Problem to solve
Transcribe the records that follow exactly. Skip the pictures.

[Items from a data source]
* * * *
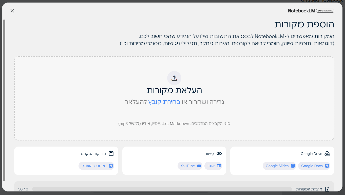 כשנלחץ על פתיחת נוטבוק חדש, ייפתח חלון שמזמין אותנו להעלות קבצים או קישורים שנרצה להתחיל לעבוד עליהם. נעלה את הספר שלנו בקובץ PDF. שימו לב שאפשר גם להתחבר ישירות לגוגל דרייב ולהעלות משם חומרים, להוסיף קישורים או אפילו להדביק טקסט. אפשר להעלות לכל נוטבוק כזה עד 50 מקורות (לא הכי רלוונטי לסופרות, אבל תכף אתייחס למי זה כן יכול לעזור):
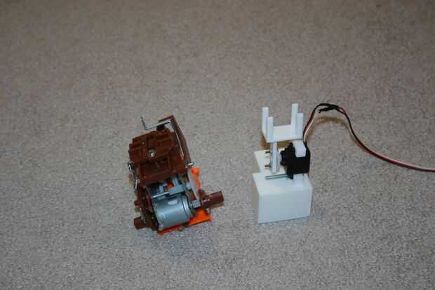 El mecanismo de impresión 3d acepta un pequeño servomotor como un Futaba s3153
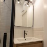 Un segundo baño con cabina de ducha, mueble de lavabo, grifería negra, espejo y focos.
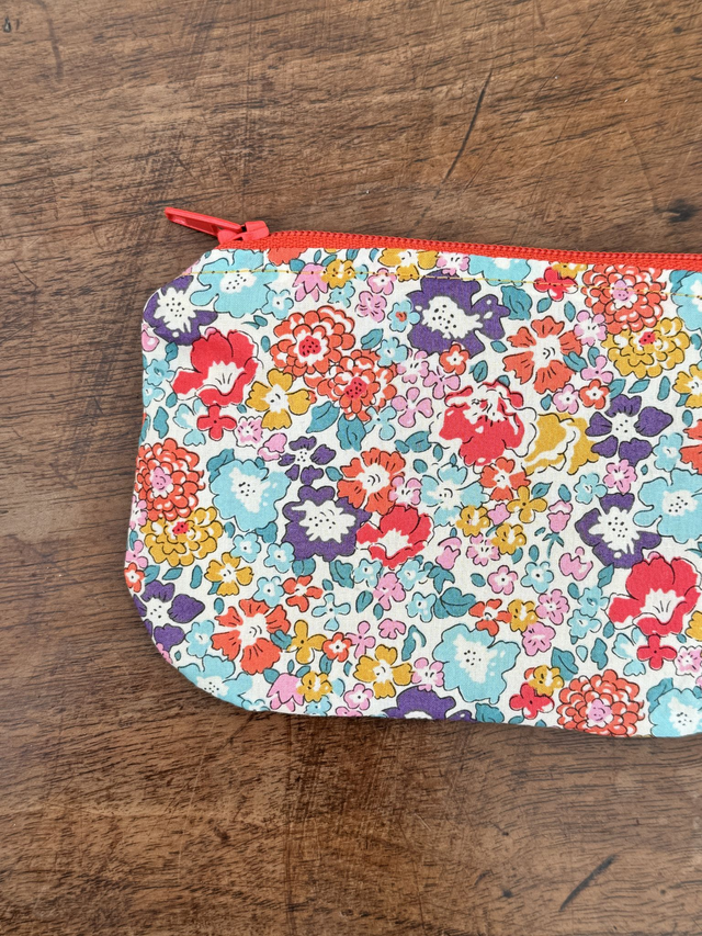 Petite pochette zippée pouvant servir de porte-monnaie, pour ranger des cartes format carte de crédit, vos écouteurs oreillettes, des petites barrettes, ...
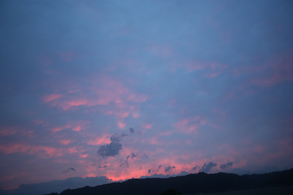 | ハッツキ山を照らす光芒 | 美しい夕焼け | ここが会場 | 某先生はズエットか |
* * * *
Your solution
 כשנלחץ על פתיחת נוטבוק חדש, ייפתח חלון שמזמין אותנו להעלות קבצים או קישורים שנרצה להתחיל לעבוד עליהם. נעלה את הספר שלנו בקובץ PDF. שימו לב שאפשר גם להתחבר ישירות לגוגל דרייב ולהעלות משם חומרים, להוסיף קישורים או אפילו להדביק טקסט. אפשר להעלות לכל נוטבוק כזה עד 50 מקורות (לא הכי רלוונטי לסופרות, אבל תכף אתייחס למי זה כן יכול לעזור):
 El mecanismo de impresión 3d acepta un pequeño servomotor como un Futaba s3153
 Un segundo baño con cabina de ducha, mueble de lavabo, grifería negra, espejo y focos.
 Petite pochette zippée pouvant servir de porte-monnaie, pour ranger des cartes format carte de crédit, vos écouteurs oreillettes, des petites barrettes, ...
 | ハッツキ山を照らす光芒 | 美しい夕焼け | ここが会場 | 某先生はズエットか |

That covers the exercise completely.